Behind The Scene: Fire vs. Water Setup

It looks like the RealFlow Water extinguishing a FumeFX Fire is becoming the signature demo of Ember (which was sort of intended anyway), so here is a discussion of the setup used. The actual RealFlow data in around 1GB and the FumeFX is also not very small, so you will have to simulate your own to replicate the demo.

Here are the basic ingredients:
*A FumeFX simulation with a teapot burning using pretty much default settings, Spacing of 6.0, Grid 400x400x400 units.
*A PRT Loader with a water running down over the teapot.
*A SIM Ember to combine the two, Solver set to None, all spacing set to 6.0
*Optionally, a PRT Ember to create particles from the SIM Ember to render in Krakatoa.

[size=150]The SIM Ember Setup:[/size]
The Initial State Flow is the default 0.0->Density
The Simulation Flow has 3 output channels: Velocity, Density and Color (this one is optional)
Here is a discussion of the Velocity and Density channels individually, with the rest collapsed:

  • In the above flow, the InputField operator reads the data from the FumeFX object (it could also read directly from the FXD files on disk, but in my case I had the FumeFX still in the scene)
  • The Velocity is then multiplied by 30.0 (the FPS settings of the scene) because FumeFX provides the values in units per frame, but our tools including Ember work in units per second.
  • The Velocity is output as the Velocity Field of the SIM Ember object to be used to advect the Density field.

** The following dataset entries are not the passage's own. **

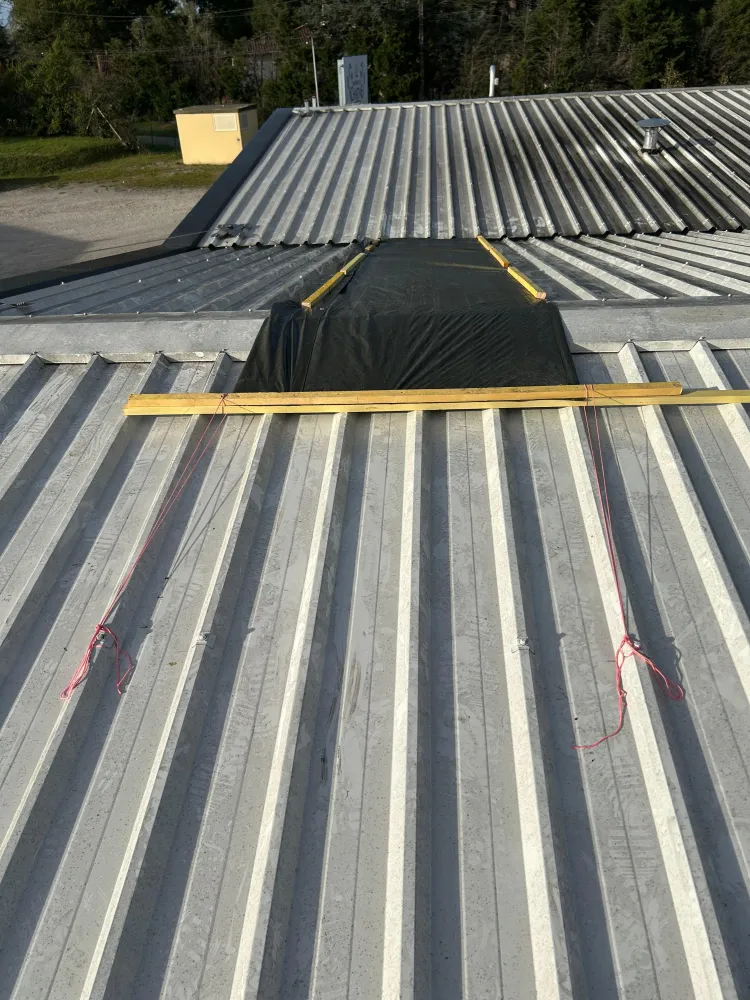 Nous sommes de nouveau intervenus en urgence à Revel sur une toiture en panneaux sandwich bac acier endommagée suite à une effraction. Objectif : sécuriser les lieux et rétablir une étanchéité provisoire en attendant la réparation définitive.
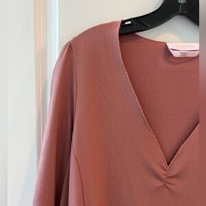 Pink silk crepe de chine (98% Polyester, 2% Elastane). Long sleeves. V-neckline. Shift with adjustable tie waist. Slip lining.
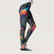Elegant Blue and Guld Peacock in Colorful Garden Leggings
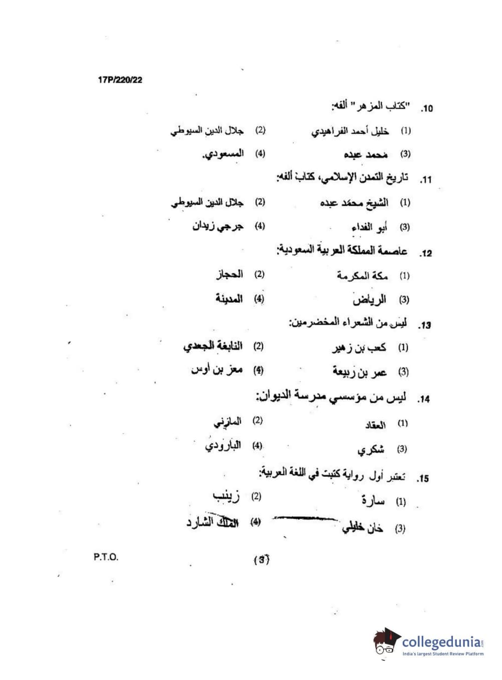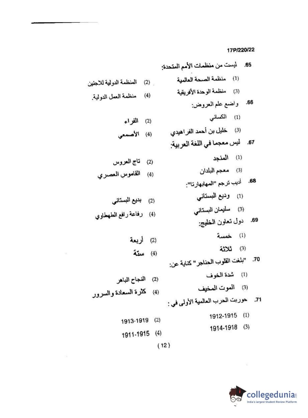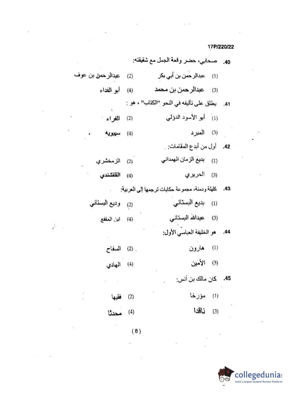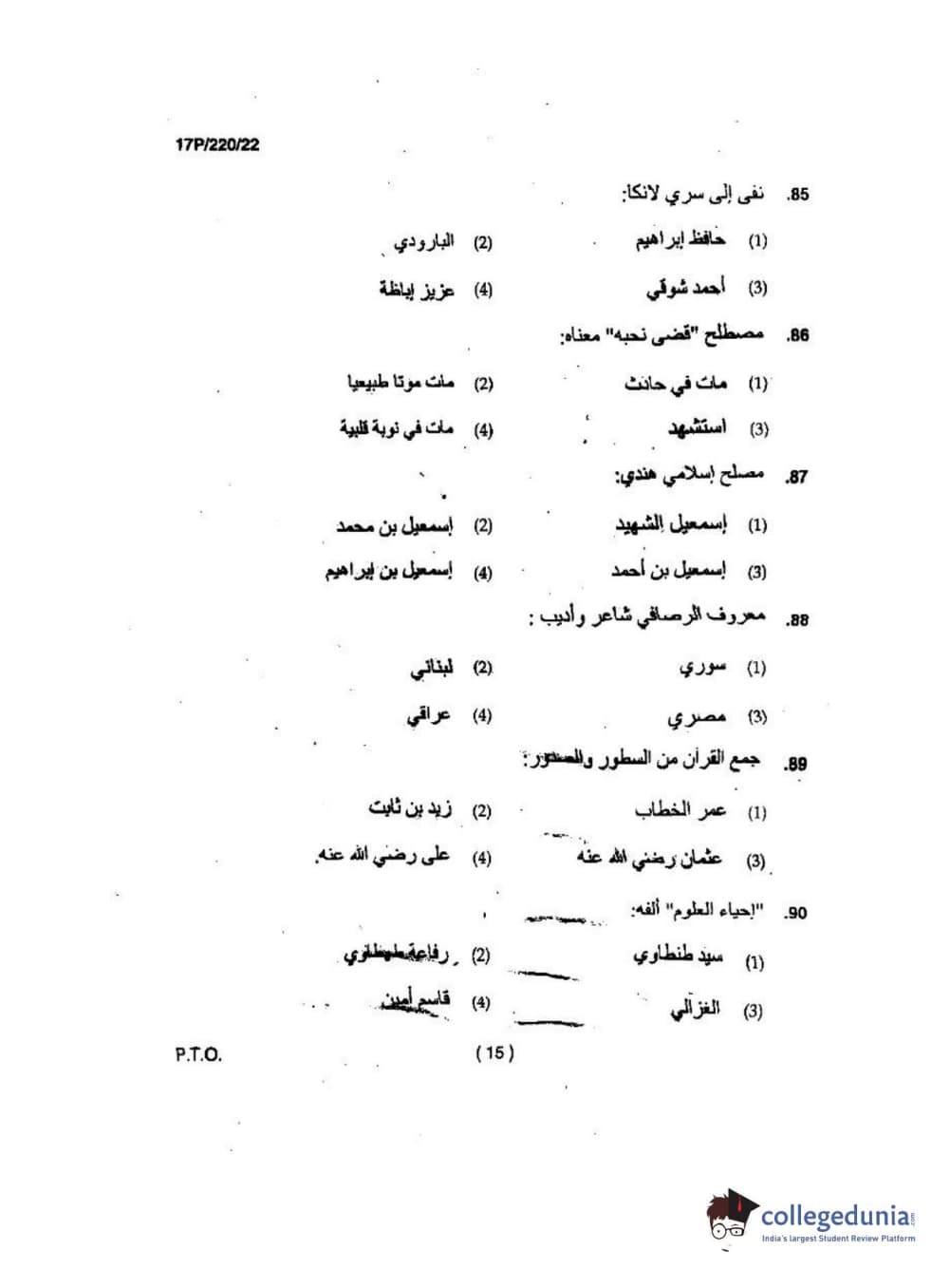 BHU PET 2017 M.A Arabic Question Paper with Answer Key PDFs

This is the part of the Density field flow which replicates the FumeFX simulation, with the portion responsible for the RealFlow interaction collapsed temporarily for clarity.

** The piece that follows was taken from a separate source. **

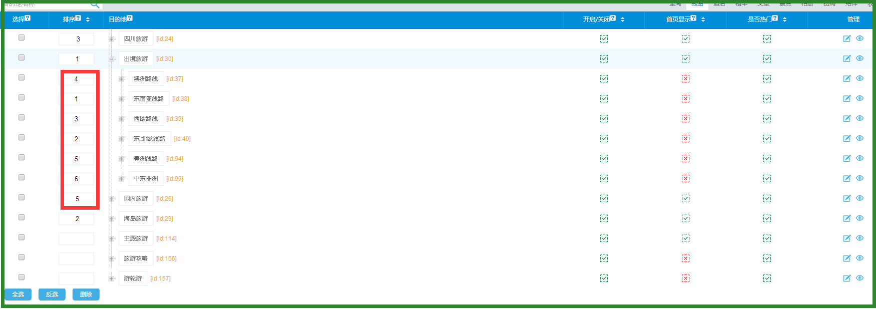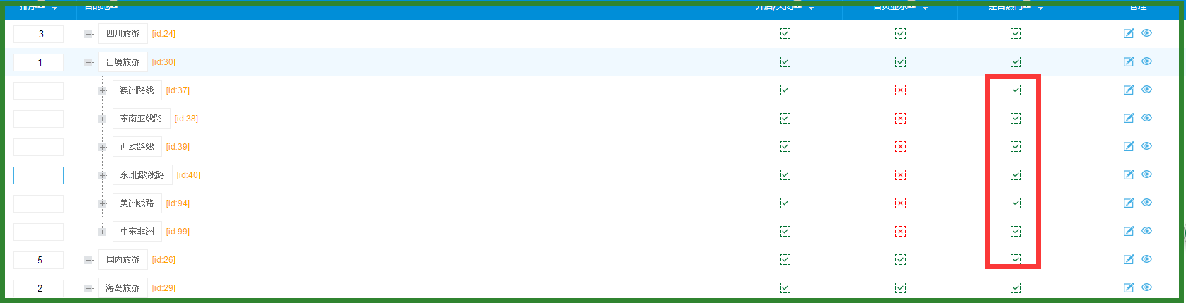一。將后臺的目的地開啟熱門后。左側的熱門目的地按照開啟熱門的順序顯示
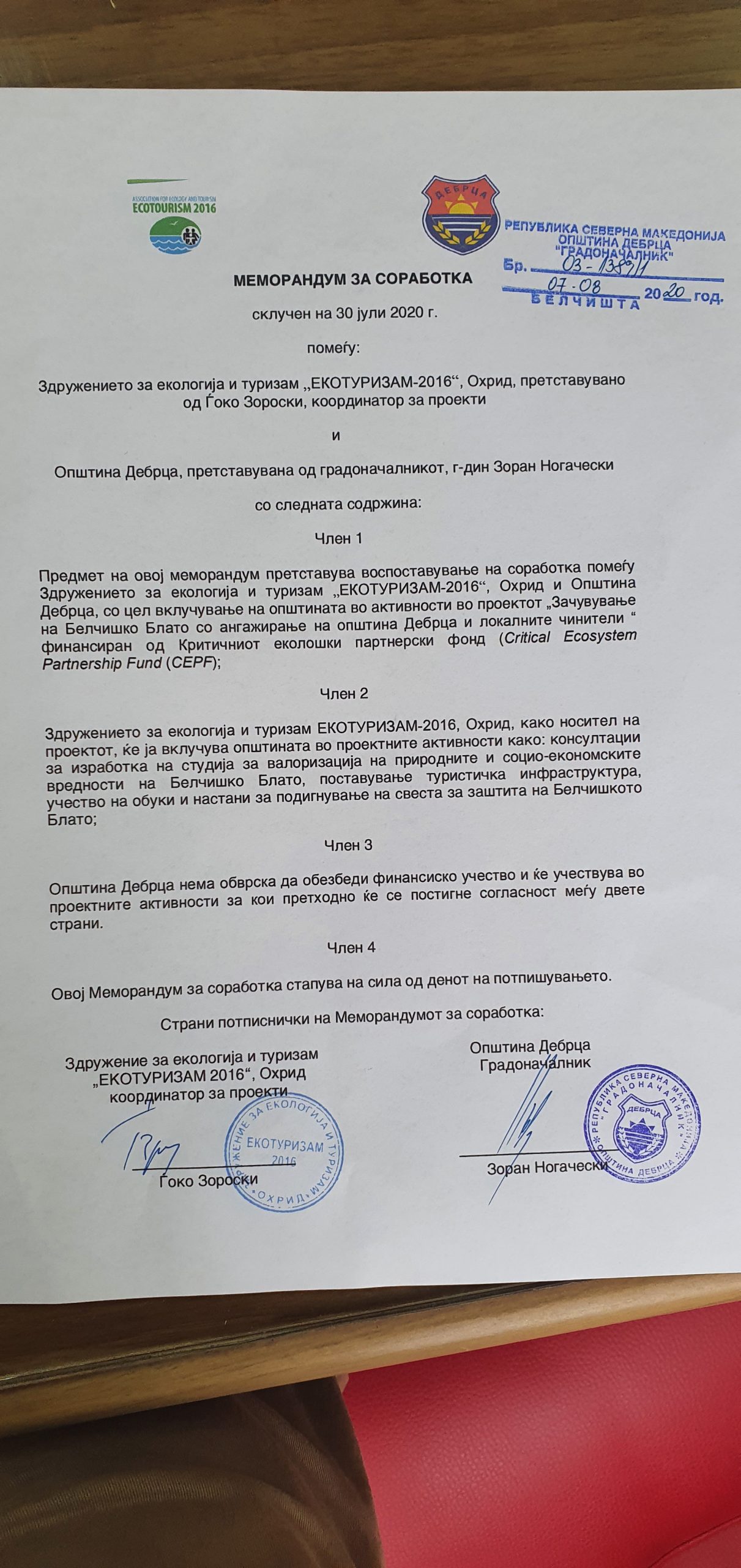 Денес проектниот координатор Ѓоко Зороски и градоначалникот Зоран Ногачески го потпишааа Меморандумот за соработка на проектот: “ Зачувување на Белчишко Блато со ангажирање на општина Дебрца и локални чинители”, финансиран од Критичниот еколошки партнерски фонд ( Critical Ekosystem Partnership Fund-CEPF ).

  • In the above flow, we use the Fire channel of the InputField operator and check whether it is greater than 0.0.
  • We also take the Teapot used as emitter in FumeFX, create a LevelSet from it and compare the Distance channel to see if it is less than 5.0. This means that if a SIM Ember sample is within 5 units to the teapot’s surface (positive values are outside of the surface), AND the sample finds Fire there, we will assume we are supposed to set that sample’s Density to emit Density.
  • We use the result of this logic into a Switch (10) operator which, when TRUE, adds the value of 1.0 to the incoming Density, and when FALSE just passes the incoming Density without changes. What this does is produce more “smoke” where the teapot is burning, and just leave it as is where not.
  • The output of this goes through another Switch (17) which is responsible for the interaction with the water. We will look at it below. The resulting Density goes out to the Density field of the SIM Ember.

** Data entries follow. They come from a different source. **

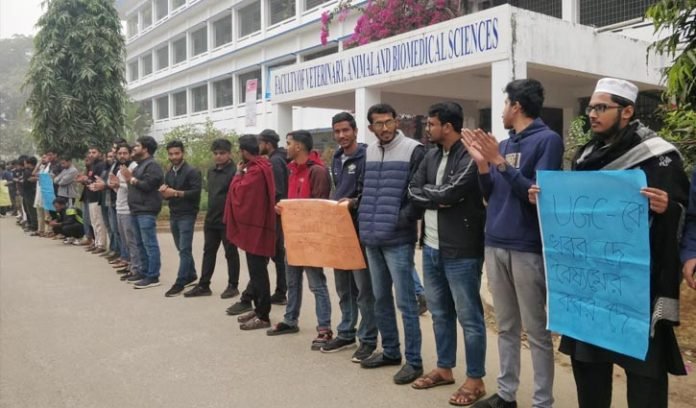 বুধবার (২১ জানুয়ারি) সকাল ১০টা থেকে শিক্ষার্থীরা বিশ্ববিদ্যালয়ের ভেটেরিনারি অনুষদের সামনে অবস্থান করে বিক্ষোভ ও মানববন্ধন কর্মসূচি পালন করেন।
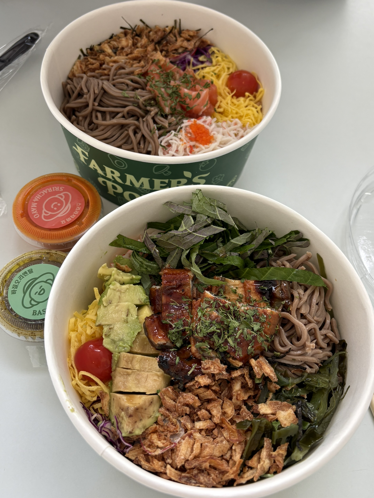 소스로 바질 오리엔탈을 선택하고 아보카도, 해조류를 추가한 내 포케는 장어와 채소의 향이 잘 어우러졌다. 친구도 연어와 계란면이 잘 어울린다고 만족했다.
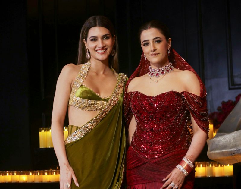 स्टेबिन बेन ने चमचमाती काली शेरवानी पहनी थी। अपनी भव्य शादी के रिसेप्शन के मेजबान के रूप में मेहमानों के लिए पोज़ देते हुए दोनों एक साथ खुश दिख रहे थे। बाद में इस जोड़ी में कृति सेनन भी शामिल हुईं, जिन्होंने स्लीवलेस ब्लाउज के साथ जैतून-हरे रंग की साड़ी में शो को चुरा लिया। अभिनेत्री ने अपने रेट्रो स्टाइल को पूरा करने के लिए अपने लुक में एक्सेसरीज़ का भार कम किया और केवल एक कान की बाली पहनी।
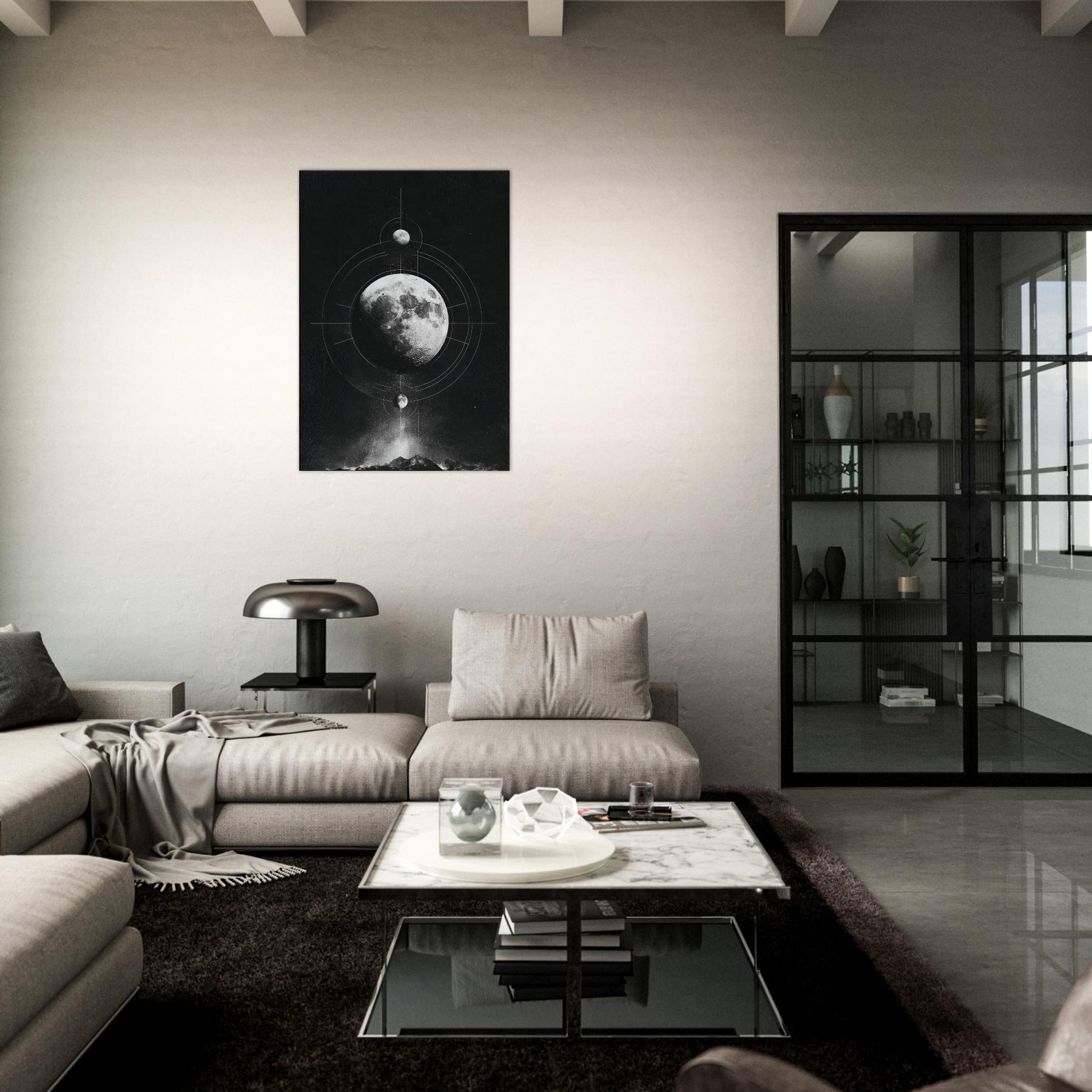 It radiates a mystical calm, inviting reflection in a living room or bedroom, turning walls into a quiet observatory. The piece anchors soft textures and muted lighting, heightening the sensation of spacious air. A timeless focal point for contemplative interiors.

Above is the interaction part with the RealFlow simulation.

  • We take the ParticleSumRadius operator and sample particles from the PRT Loader containing the RealFlow simulation within a given range (4.0 units in this case. Note that the Radius will be exposed in the future as an InputChannel to simplify the tweaking of the setup). We sample in World Space using the Position channel which is the position of the SIM Ember sample.
  • In this simple example, we don’t even read any channels from the particles, we just count how many particles were inside the radius. If there were less than 1 (read: 0), the output is TRUE and the Switch 17 passes the Density calculations described in the previous segment. But if there are more or at least as many particles as the Water Threshold (E3), the Switch (17) will set the Density channel to 0.0 and thus KILL the fire/smoke in the SIM Ember completely at that location!
  • Obviously, increasing the Water Threshold will mean that more particles are required to kill the fire. With the current settings, even one particle within the sample radius will be enough, but you can tweak it…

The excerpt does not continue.